**Task to carry out**
Repeat the listing below line by line, exactly, leaving its pictures behind.

**Source material**
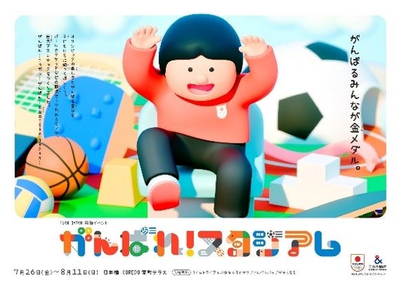 アスレチック施設の真ん中には、『がんばれ!スタジアム presented by 三井不動産』のシンボルキャラクターである巨大な「がんばれちゃん」が登場します。胸にTEAM JAPANのエンブレムをつけた「がんばれちゃん」は、このアスレチックに挑戦する無限の可能性を秘めた子供たちのシンボルです。
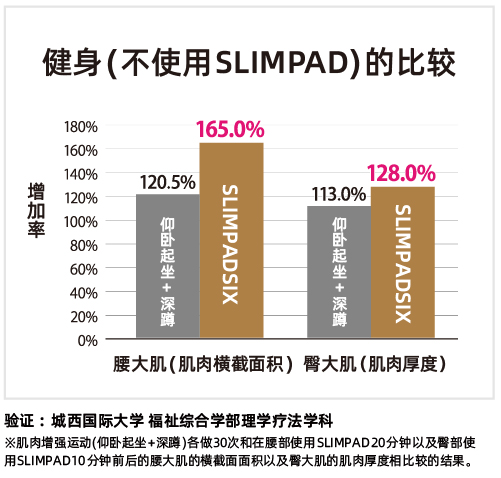 不使用SLIMPAD做30次仰卧起坐和在腹肌上使用20分钟SLIMPAD。对肌肉的收缩程度(肌肉的横截面面积以及肌肉厚度)进行比较。结果表明使用SLIMPAD SIX能产生跟一般的肌肉锻炼同样的效果甚至高于一般的肌肉锻炼。轻薄无线可以在工作或者家务时使用,不用在意时间轻松进行身体塑形。
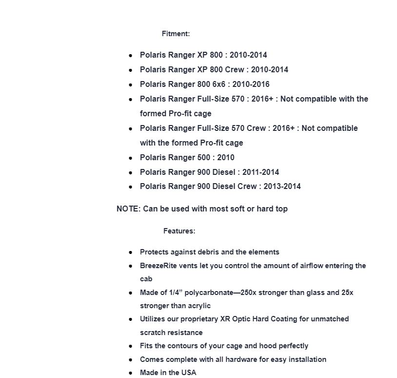 - Polaris Ranger Full-Size 570 Crew : 2016+ : Not compatible with the formed Pro-fit cage
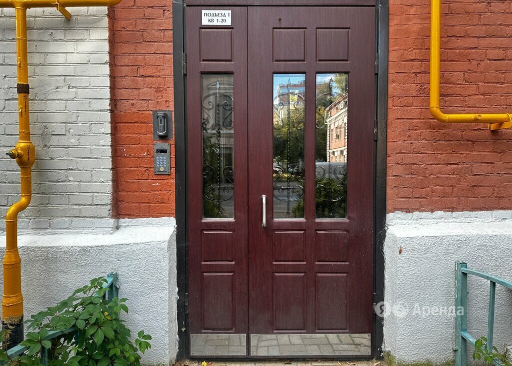 Дом - кирпичный, окна выходят во двор. Во дворе есть парковка за шлагбаумом.

**Result below**
 アスレチック施設の真ん中には、『がんばれ!スタジアム presented by 三井不動産』のシンボルキャラクターである巨大な「がんばれちゃん」が登場します。胸にTEAM JAPANのエンブレムをつけた「がんばれちゃん」は、このアスレチックに挑戦する無限の可能性を秘めた子供たちのシンボルです。
 不使用SLIMPAD做30次仰卧起坐和在腹肌上使用20分钟SLIMPAD。对肌肉的收缩程度(肌肉的横截面面积以及肌肉厚度)进行比较。结果表明使用SLIMPAD SIX能产生跟一般的肌肉锻炼同样的效果甚至高于一般的肌肉锻炼。轻薄无线可以在工作或者家务时使用,不用在意时间轻松进行身体塑形。
 - Polaris Ranger Full-Size 570 Crew : 2016+ : Not compatible with the formed Pro-fit cage
 Дом - кирпичный, окна выходят во двор. Во дворе есть парковка за шлагбаумом.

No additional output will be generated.